[DATA Boundary: Start]
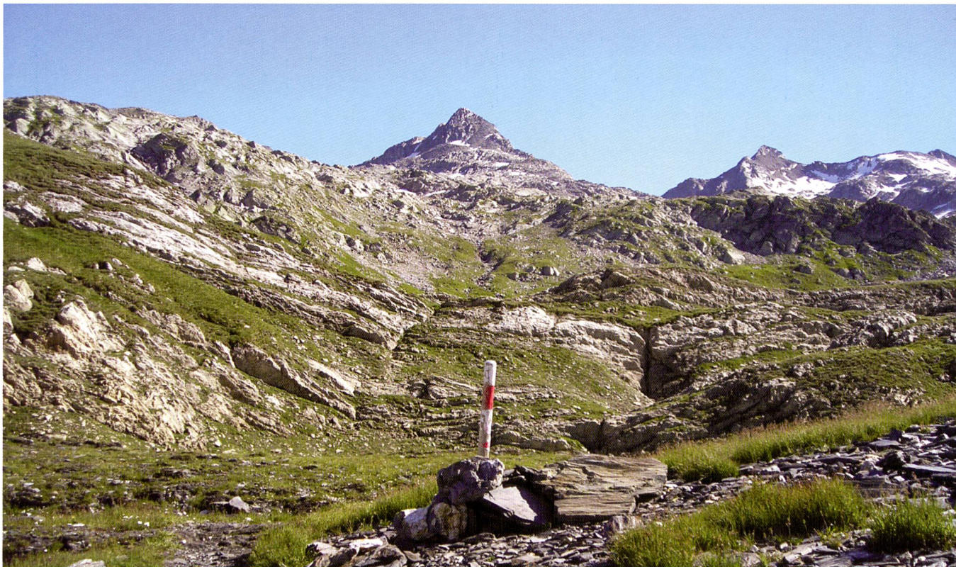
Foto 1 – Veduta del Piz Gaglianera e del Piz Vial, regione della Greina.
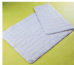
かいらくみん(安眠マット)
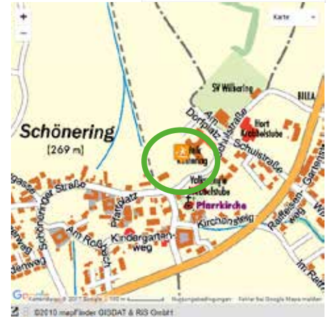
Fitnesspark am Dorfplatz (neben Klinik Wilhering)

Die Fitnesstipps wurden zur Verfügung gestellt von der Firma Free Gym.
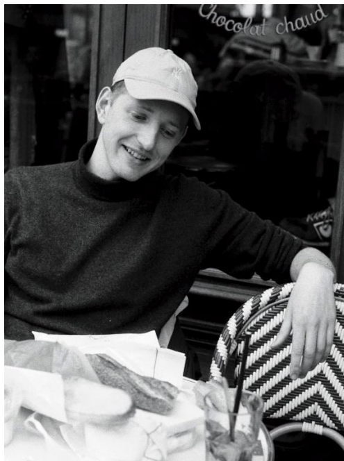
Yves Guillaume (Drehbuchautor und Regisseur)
[DATA Boundary: End]
Each line from the one holding "かいらくみん(安眠マット)" to the end of the records above must be copied exactly; the pictures must not be copied.

OUTPUT OF THE TASK:
かいらくみん(安眠マット)
Fitnesspark am Dorfplatz (neben Klinik Wilhering)

Die Fitnesstipps wurden zur Verfügung gestellt von der Firma Free Gym.
Yves Guillaume (Drehbuchautor und Regisseur)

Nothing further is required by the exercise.